Phlox pulled up the hem to look at her bare feet. “Silver heels, do you think?”

“And your chandelier earrings.”

Phlox sighed. “Okay. We have a winner. Can you leave it in my office? I’m going to walk to the
People
interview. I need to gather my thoughts before I get there.”

O
utside
, it was hot and muggy. Airless. A typical July day in New York, in other words. This was why she had bought the country house in Connecticut. The house that was now caretaker-less. She hadn’t seen that coming, his resignation. Without even calling her. Well, why would he? It’s not like Phlox had hired him in the first place.

It’s not like we were lovers or anything, you know?

The thought that she might never see him again, now that he wouldn’t be at her house, took her breath away like she'd been punched hard in the stomach.

Tears stung her eyes and she swallowed hard to regain her composure. She couldn’t show up at an interview bawling her eyes out, even if it was getting harder and harder to sit there and answer questions about Jared.
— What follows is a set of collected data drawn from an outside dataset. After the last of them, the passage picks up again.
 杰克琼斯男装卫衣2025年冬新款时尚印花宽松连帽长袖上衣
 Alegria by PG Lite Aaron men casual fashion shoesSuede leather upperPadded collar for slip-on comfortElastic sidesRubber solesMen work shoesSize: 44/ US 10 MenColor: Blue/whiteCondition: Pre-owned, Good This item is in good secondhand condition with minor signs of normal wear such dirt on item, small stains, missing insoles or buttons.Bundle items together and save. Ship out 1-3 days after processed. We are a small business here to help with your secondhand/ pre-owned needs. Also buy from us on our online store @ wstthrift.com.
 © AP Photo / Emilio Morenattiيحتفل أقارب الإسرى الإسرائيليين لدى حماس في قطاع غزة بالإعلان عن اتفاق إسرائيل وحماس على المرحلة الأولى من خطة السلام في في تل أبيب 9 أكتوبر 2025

She hadn’t heard a peep from him since he left her house. Not even a call acknowledging that Phlox Beauty had accepted his investment. Jake had provided Jess with a statement for the press release. It was as Phlox had guessed—Jake managed Jared’s money, the Maria Group and the Connor Foundation.
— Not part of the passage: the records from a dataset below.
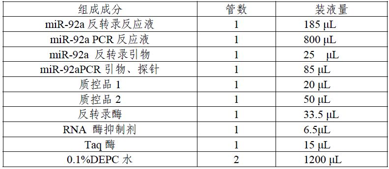 医疗器械产品注册 技术审评报告 (境内) 产品中文名称:miR-92a 检测试剂盒(荧光RT-PCR 法) 产品管理类别:三类 申请人名称:深圳市晋百慧生物有限公司 国家食品药品监督管理总局 医疗器械技术审评中心 基本信息 一、申请人名称 深圳市晋百慧生物有限公司 二、申请人住所 深圳市南山区桃源街道田寮工业A 区9 栋二楼西面 三、生产地址 深圳市南山区桃源街道田寮工业A 区9 栋二楼西面 深圳市南山区桃源街道田寮工业A 区田寮大厦1503 产品审评摘要 一、产品概述 (一)产品主要组成成分 该产品配套使用的核酸提取试剂为深圳市晋百慧生物有限公司生产的核酸提取试剂, 备案号为: 粤深械备20150228 号。 (二)产品预期用途 该产品用于体外定性检测人粪便样本中的miR-92a 核酸。 该产品用于便潜血阳性、综合其他症状如排便习惯改变、大便形状变化、慢性便秘、排便里急后重等经临床医生诊断建议肠镜检查同时由于不同原因拒绝进行肠镜检查的患者,用于临床对大肠癌的辅助诊断。检测结果阳性不作为大肠癌早期诊断或确诊的证据,检测结果阴性也不能排除大组成成分管数装液量肠癌的可能,患者最终诊断应依据肠镜检查结果。该产品不用于普通人群的肿瘤筛查。 大肠癌按《恶性肿瘤TNM 分类法》分为0 期,I 期,II期,III 期,IV 期,早期一般呈现如排便习惯改变、大便形状变化、大便带血、慢性便秘、排便里急后重等症状,但常因症状轻微和不典型而被忽视。miR-92a 来自人类13 号染色体上的miR-17-92 基因簇,是一类小分子非编码RNA。miR-92a 通过靶向抑制PTEN、KLF4 和下游的p21 基因,可促进大肠癌细胞的增殖和迁移。研究发现,在大肠癌患者粪便样本中miR-92a 含量特征性增高。 (三)产品包装规格 48 人份/盒 (四)产品检验原理 miR-92a 检测试剂盒(荧光RT-PCR 法)是采用RNA 提取试剂盒提取粪便中的RNA,进行RT-PCR 反应,反应中的引物、探针能够与miR-92a 反转录产物特异性结合并进行PCR 扩增,在扩增过程中探针与含miR-92a 模板的反转录cDNA 链互补结合后,探针5’端荧光染料基团被Taq 酶切下并释放荧光信号,被检测到的荧光信号强弱可以反映样本中miR-92a 的含量。 二、临床前研究摘要 (一)主要原材料 1.主要原材料的种类 该试剂盒主要原材料包括:Taq 酶、反转录酶、miR-92a反转录引物、miR-92a 上游引物、miR-92a 下游引物、miR-92a探针、miR-92a 基因RNA 片段、dNTP、RNA 酶抑制剂。 2.主要原材料的选择 2.1 外购的主要原材料包括:Taq 酶、反转录酶、dNTP、RNA 酶抑制剂。通过使用各成分配制反应体系,以大肠癌阳性粪便样本进行功能性试验,筛选最佳供应商。 2.2 自行设计的主要原材料包括:miR-92a 反转录引物、miR-92a 上游引物、miR-92a 下游引物、miR-92a 探针、miR-92a基因RNA 片段。通过功能性试验进行确认。 申请人设计了完整的企业参考品,包括阳性参考品、阴性参考品、检测限参考品、精密度参考品、线性范围参考品、干扰物质参考品。阴性参考品包括肠癌阴性粪便样本、食道癌患者粪便样本、胃癌患者粪便样本;阳性参考品、精密度参考品、干扰物质参考品采用大肠癌粪便样本;检测限参考品、线性范围参考品采用合成的miR-92a 基因RNA 片段稀释配制而成, 检测限参考品浓度为1×104copies/μL 的miR-92a 基因RNA 片段, 线性范围参考品浓度为1×107copies/μL 的miR-92a 基因RNA 片段。各项企业参考品综合用于产品检测灵敏度、特异性和重复性评价。试剂盒内质控品包括质控品1 和质控品2,质控品1 含有miR-92a 基因RNA 片段,质控品2 为0.1%DEPC 水,用于检测过程中的质量控制 (二)生产工艺及反应体系研究 1. 反转录 申请人对PCR 反应体系中各主要原料(反转录酶、反转录引物、RNA 酶抑制剂、dNTP、MgCl2、PCR 反应缓冲液)的浓度及用量,以及反转录程序进行优化试验,确定了最佳的反转录试剂的生产工艺及反应体系。 2.荧光PCR 扩增 申请人对PCR 反应体系中各主要原料(Taq 酶、MgCl2、dNTP、引物、探针、PCR 反应缓冲液、50% 甘油)的浓度及用量以及PCR 反应程序进行优化试验,确定了最佳的荧光PCR 扩增试剂的生产工艺及反应体系。 3.申请人也对RNA 浓度、反转录模板量、PCR 模板量、粪便样本量、样本采集方法进行了研究,进一步确定了试剂盒反应体系的各项参数和指标。 (三)分析性能评估 该产品分析性能包括检测限、阴性符合率、阳性符合率、精密度、干扰物质、线性范围等。 最低检测限评估中,申请人采用高浓度miR-92a 阳性参考品梯度稀释于提取的不含miR-92a 基因的粪便样本中,分别进行25 次重复检测,得到检出率为95%的浓度水平为100copies/μL 作为本试剂的最低检测限。阳性符合率评估中,申请人采用临床确诊为大肠癌早期患者、大肠癌中期患者、大肠癌晚期患者粪便样本各5 份来进行检测,检测结果显示阳性符合率达到100%。在精密度研究中,申请人采用晚期和中期大肠癌患者粪便样本,评价了本产品批内及批间精密度,结果显示三批试剂的批内和批间检测Ct 值CV%均不高于5%。 阴性符合率评价中,申请人针对miR-92a 基因与其他同源基因和miR-92a 阴性样本非特异反应进行评价,样本包括食道癌患者粪便样本、胃癌患者粪便样本、息肉患者粪便样本、腺瘤患者粪便样本、胃炎患者粪便样本、肠炎患者粪便样本、阑尾炎患者粪便样本、结肠炎患者粪便样本、消化性溃疡患者粪便样本、肝癌患者粪便样本、胰腺癌患者
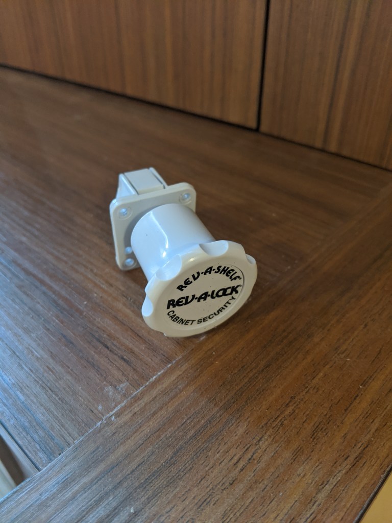 Donald also worked on the removable panel behind the helm. We wanted this to blend in as much as possible and didn’t want to see exposed fasteners. I found these magnetic locks on line and we figured two would hold the panel in place.
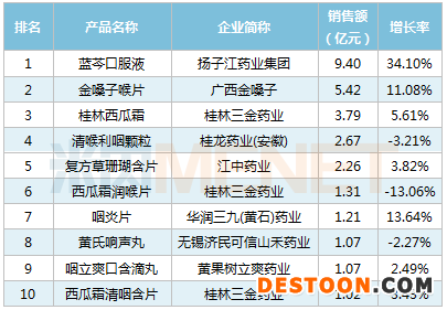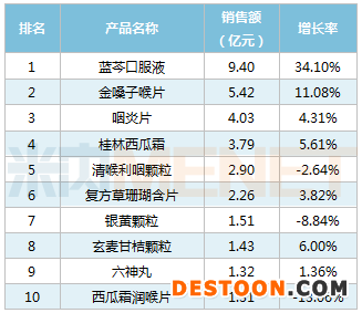 咽喉中成藥TOP10出爐!6個(gè)獨(dú)家品種霸屏
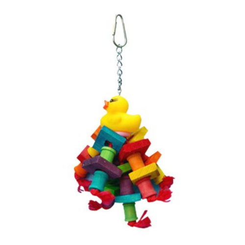 Stacked with colorful wood blocks and finished with a cheerful rubber duck topper, this is a playful toy that combines texture, color, and fun. Great for light chewers and birds who love variety in their cage décor.
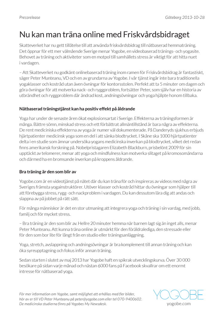 Skatteverket har nu gett tillåtelse till att använda friskvårdsbidrag till nätbaserad hemmaträning. Det öppnar för ett mer välmående Sverige menar Yogobe, en videobaserad tränings- och yogasite. Behovet av träning och aktiviteter som en motpol till samhällets stress är viktigt för att hitta balans i vardagen.

How many times had she pulled out her phone and stared at his number? Too many to count by now. Her fingers itched to call, but she stopped herself every time. She had left enough messages and texts. If he wanted to speak to her, he would have responded by now.
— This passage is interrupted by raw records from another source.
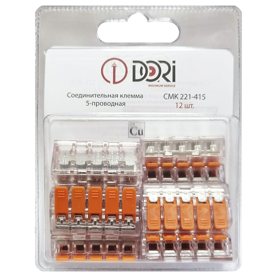 Соединительная клемма Dori (СМК221-415) 5-проводная прозрачная, 12 шт.
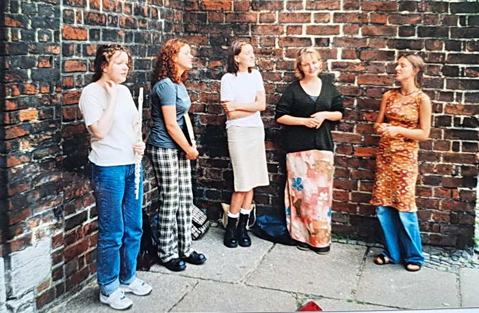 Buiten de kerk bij de ingang stond dit zangkoortje.
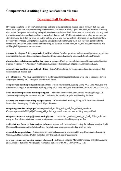 Download online COMPUTERIZED AUDITING USING ACL SOLUTIONS Library Binding

Maybe it was for the best. She should move on. He was the fling she’d expected him to be at the beginning. No one expects fucking the pool boy to turn into a long-term relationship. David was still in touch, leaving voice mails and e-mails about how nice she looked in this photo or that, even offering congratulations on Jared’s investment. “The Maria Group hasn’t made many investments in recent years. That’s a real coup, aside from getting the guy out of hiding.” That had been big of David. David wasn’t a bad guy. There just wasn’t much chemistry between him and Phlox. But maybe there could be ... if she gave it time.

Her phone rang just as she reached her destination. She ducked into a corner of the lobby to answer. It was Mina Connor returning her call. Phlox had left her a message earlier in the week about the new marketing director position for the burn care line.

“Phlox! I would love to work with you.” Mina’s voice was excited and genuine. “When can I come down to talk to you about it?”

“I’ll come up to Boston. Is Friday good?”

“Friday is fine. He won’t be here,” Mina added.

“I wasn’t expecting him to be.”
No, but you were hoping.
“Since you’ll be working from home, I don’t want to drag you all the way down to New York.”
Isn’t there any way you can have him there?

“I’m sorry about Jared, Phlox.”

“I’m gonna go out on a limb here and say it wasn’t your fault.”

Mina laughed lightly on the other end. “Suppose not. But I really thought you were the one. Hell, I still think you’re the one. He’s just too boneheaded to admit it. The kids have been giving him a really hard time over it. Especially Aidan. He calls you Princess Phlox.”

Phlox forced herself to laugh along. “Aidan’s got a way with the women already. Obviously, he doesn’t take after his uncle.”

“The thing you have to understand about Jared and Jake is that they don’t expect people to love them. Jake, fortunately, doesn’t have the out that Jared believes his face gives him so I was able to wear him down. It took a good while though,” Mina said. “Jared, on the other hand, is used to just buying whatever he wants—companionship when he wants it, privacy when he doesn’t. Expensive toys to distract himself from being lonely.”

“I don’t care about his money. I loved him before I knew he even had any.”

“And I’m sure that has him in a bit of a quandary. He can’t fix this situation by throwing money at it.”

“Well, tell him I said ‘hello’ the next time you see him.”

Phlox watched as people streamed in and out of the building lobby. Everywhere she went these days, she kept her eyes peeled for a glimpse of those familiar broad shoulders, that messy blonde hair, the scarred face that made her heart skip a beat just thinking about it. He had admitted to being in the city before, watching her. She hoped he was watching her now.